Oleh: Ghofir Surya Pranata

Revisi Undang-Undang Pemilu pada awalnya masuk dalam Prolegnas Prioritas 2021 saat ini justru ramai dibincangkan pasalnya revisi yang diusulkan oleh DPR tersebut justru saat ini ditolak oleh mereka sendiri.

Beberapa fraksi partai juga demikian banyak yang menolak hanya karna kepentingan untuk mempersiapkan perebutan kursi kekuasaan. Bersamaan dengan 37 RUU lainnya revisi UU Pemilu diajukan oleh DPR dalam prolegnas prioritas tahun 2021 yang diajukan pada bulan November tahun lalu.

Para fraksi partai merespon dengan cukup serius dalam pembahasan revisi UU Pemilu ini karna berkaitan dengan pelaksanaan pelaksanaan Pilkada serentak bersama dengan pemilihan anggota legislatif dan pemilu presiden.

Sedangkan dalam Rancangan Undang-Undang yang baru dilaksanakan pada tahun 2022 dan 2023 lebih awal dari yang sebelumnya. Yang menjadi pokok perhatian oleh para politikus adalah apabila benar akan dilaksanakan lebih awal maka akan berdampak ke beberapa kepala daerah yang akan mengalami kekosongan kepemimpinan

Beberapa kepala daerah seperti DKI Jakarta yang dipimpin oleh Anies Baswedan misalkan, kepala daerah Ibu Kota tersebut akan menjabat sampai tahun 2022. Apabila akan tetap dilaksanakan 2024 maka sudah dapat dipastikan akan mengalami kekosongan kepemimpinan selama 2 tahun.

Sehingga menurut saya apabila itu terjadi akan berpengaruh pada keberlangsungan daerah yang mengalami kekosongan kepemimpinan tersebut.

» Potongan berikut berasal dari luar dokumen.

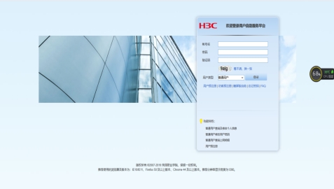 (1)请打开浏览器输入http://10.1.0.2:8080/selfservice/,根据“用户自助服务平台”提示输入登录信息,用户类型无需更改,默认为“普通用户”。

Jika mengacu pada UU No. 10 Tahun 2016 tentang Pilkada, apabila dalam masa jeda pilkada maka jabatan kepala daerah akan diisi oleh penjabat (PJ).

Ketika berlangsungnya pilkada masih menjadi wajar jika dalam masa pilkada sementara akan diisi oleh pejabat yang berwenang. Namun apabila melihat kondisi kekosongan kepemimpinan selama dua tahun apakah dapat berjalan efektif?

Pejabat yang diusulkan oleh Kemendagri dan diajukan kepada Presiden. Sehingga tidak menutup kemungkinan Kemendari dan Presiden yang berwenang untuk menentukan siapa PJ di daerah. sehingga menurut saya akan berisiko menimbulkan perdebatan karna akan memicu adanya kepentingan politik yang dibawa oleh beberapa pihak. Pada konteks ini khususnya akan memicu perdebatan oleh politikus partai karna dapat menimbulkan kepentingan politik oleh partai yang sedang berkuasa.

Sehingga dalam menyikapi adanya kepentingan ini seharusnya Kemnedagri segera ditindaklanjuti dengan mengambil langkah untuk meminimalisir terjadi kepentingan politik tersebut dengan mengubah beberapa peraturan perundang-undangan yang mengatur tentang hal ini. 

Sehingga resiko terjadinya kepentingan politik selama masa kekosongan kepemimpinan tersebut dapat diatasi dengan misalnya melibatkan dinas yang berkaitan untuk dapat memberikan pengawasan dan memantau jalannnya pemerintahan selama kekosongan kepemimpinan.

Ditengah-tengah berbagai bencana yang terjadi di negeri ini pada awal tahun 2021 justru para petinggi elite pemerintah sibuk memikirkan jabatan dan kepentingan politiknya sungguh ironi.